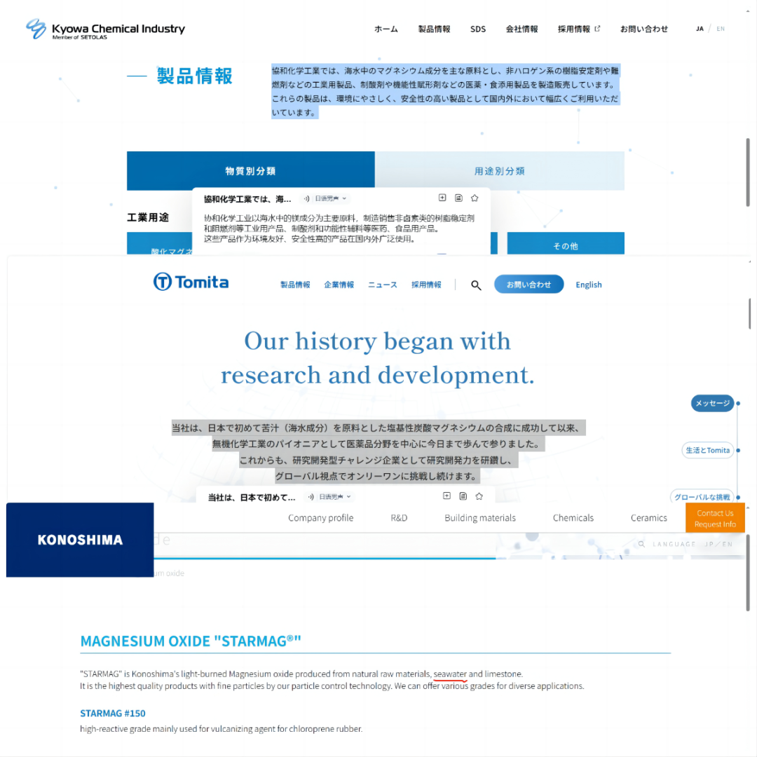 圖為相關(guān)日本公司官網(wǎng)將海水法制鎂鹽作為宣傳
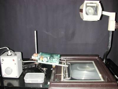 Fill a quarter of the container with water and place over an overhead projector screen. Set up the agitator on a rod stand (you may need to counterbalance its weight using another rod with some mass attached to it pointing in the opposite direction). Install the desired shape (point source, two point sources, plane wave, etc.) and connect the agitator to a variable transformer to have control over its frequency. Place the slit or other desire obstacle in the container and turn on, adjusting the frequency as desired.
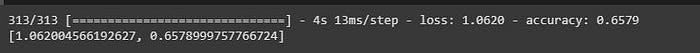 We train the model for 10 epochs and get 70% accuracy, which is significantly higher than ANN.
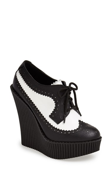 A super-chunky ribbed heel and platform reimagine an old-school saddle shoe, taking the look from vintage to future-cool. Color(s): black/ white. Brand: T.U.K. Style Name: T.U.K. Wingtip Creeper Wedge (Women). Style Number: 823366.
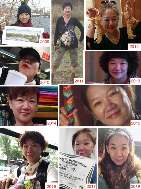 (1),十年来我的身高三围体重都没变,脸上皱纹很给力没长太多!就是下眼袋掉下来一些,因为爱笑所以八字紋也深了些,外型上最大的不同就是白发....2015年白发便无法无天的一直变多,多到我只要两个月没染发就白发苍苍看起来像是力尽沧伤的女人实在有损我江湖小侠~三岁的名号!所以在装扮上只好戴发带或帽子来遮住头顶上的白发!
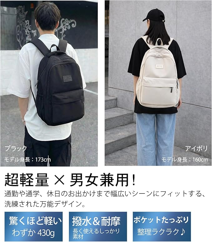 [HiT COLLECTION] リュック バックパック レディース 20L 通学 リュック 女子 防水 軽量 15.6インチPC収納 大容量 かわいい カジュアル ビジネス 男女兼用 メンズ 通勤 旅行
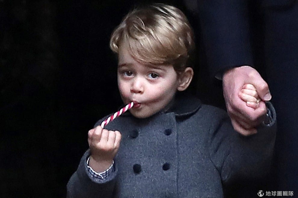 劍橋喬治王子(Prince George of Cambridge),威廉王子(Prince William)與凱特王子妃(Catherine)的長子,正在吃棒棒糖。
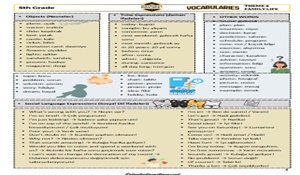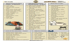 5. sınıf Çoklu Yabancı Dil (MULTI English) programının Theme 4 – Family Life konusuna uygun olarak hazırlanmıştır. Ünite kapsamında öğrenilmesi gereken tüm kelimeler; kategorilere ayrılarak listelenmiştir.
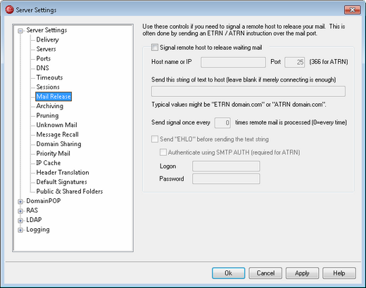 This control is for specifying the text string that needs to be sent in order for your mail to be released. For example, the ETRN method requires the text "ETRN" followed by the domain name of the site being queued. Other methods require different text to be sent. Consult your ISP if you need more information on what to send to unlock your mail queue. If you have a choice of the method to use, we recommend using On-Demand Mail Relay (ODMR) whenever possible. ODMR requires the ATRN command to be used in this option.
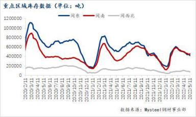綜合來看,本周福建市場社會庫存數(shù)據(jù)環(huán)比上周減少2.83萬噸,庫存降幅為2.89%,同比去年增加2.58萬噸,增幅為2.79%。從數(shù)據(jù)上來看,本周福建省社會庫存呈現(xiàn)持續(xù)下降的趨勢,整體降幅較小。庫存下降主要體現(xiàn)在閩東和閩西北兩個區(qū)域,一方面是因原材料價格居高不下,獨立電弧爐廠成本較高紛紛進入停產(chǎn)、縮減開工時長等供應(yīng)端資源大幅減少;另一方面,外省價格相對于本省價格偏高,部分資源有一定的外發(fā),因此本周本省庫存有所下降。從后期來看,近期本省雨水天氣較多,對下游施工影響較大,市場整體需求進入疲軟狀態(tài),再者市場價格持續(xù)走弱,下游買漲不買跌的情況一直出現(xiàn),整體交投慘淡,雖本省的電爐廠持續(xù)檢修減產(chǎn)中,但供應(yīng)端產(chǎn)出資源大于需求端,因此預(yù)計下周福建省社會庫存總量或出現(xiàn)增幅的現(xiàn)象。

**What to produce**
Please reproduce exactly and only the lines from the first line of the records through the line containing "劍橋喬治王子(Prince George of", both included, omitting any pictures.

**Task result**
 圖為相關(guān)日本公司官網(wǎng)將海水法制鎂鹽作為宣傳
 Fill a quarter of the container with water and place over an overhead projector screen. Set up the agitator on a rod stand (you may need to counterbalance its weight using another rod with some mass attached to it pointing in the opposite direction). Install the desired shape (point source, two point sources, plane wave, etc.) and connect the agitator to a variable transformer to have control over its frequency. Place the slit or other desire obstacle in the container and turn on, adjusting the frequency as desired.
 We train the model for 10 epochs and get 70% accuracy, which is significantly higher than ANN.
 A super-chunky ribbed heel and platform reimagine an old-school saddle shoe, taking the look from vintage to future-cool. Color(s): black/ white. Brand: T.U.K. Style Name: T.U.K. Wingtip Creeper Wedge (Women). Style Number: 823366.
 (1),十年来我的身高三围体重都没变,脸上皱纹很给力没长太多!就是下眼袋掉下来一些,因为爱笑所以八字紋也深了些,外型上最大的不同就是白发....2015年白发便无法无天的一直变多,多到我只要两个月没染发就白发苍苍看起来像是力尽沧伤的女人实在有损我江湖小侠~三岁的名号!所以在装扮上只好戴发带或帽子来遮住头顶上的白发!
 [HiT COLLECTION] リュック バックパック レディース 20L 通学 リュック 女子 防水 軽量 15.6インチPC収納 大容量 かわいい カジュアル ビジネス 男女兼用 メンズ 通勤 旅行
 劍橋喬治王子(Prince George of Cambridge),威廉王子(Prince William)與凱特王子妃(Catherine)的長子,正在吃棒棒糖。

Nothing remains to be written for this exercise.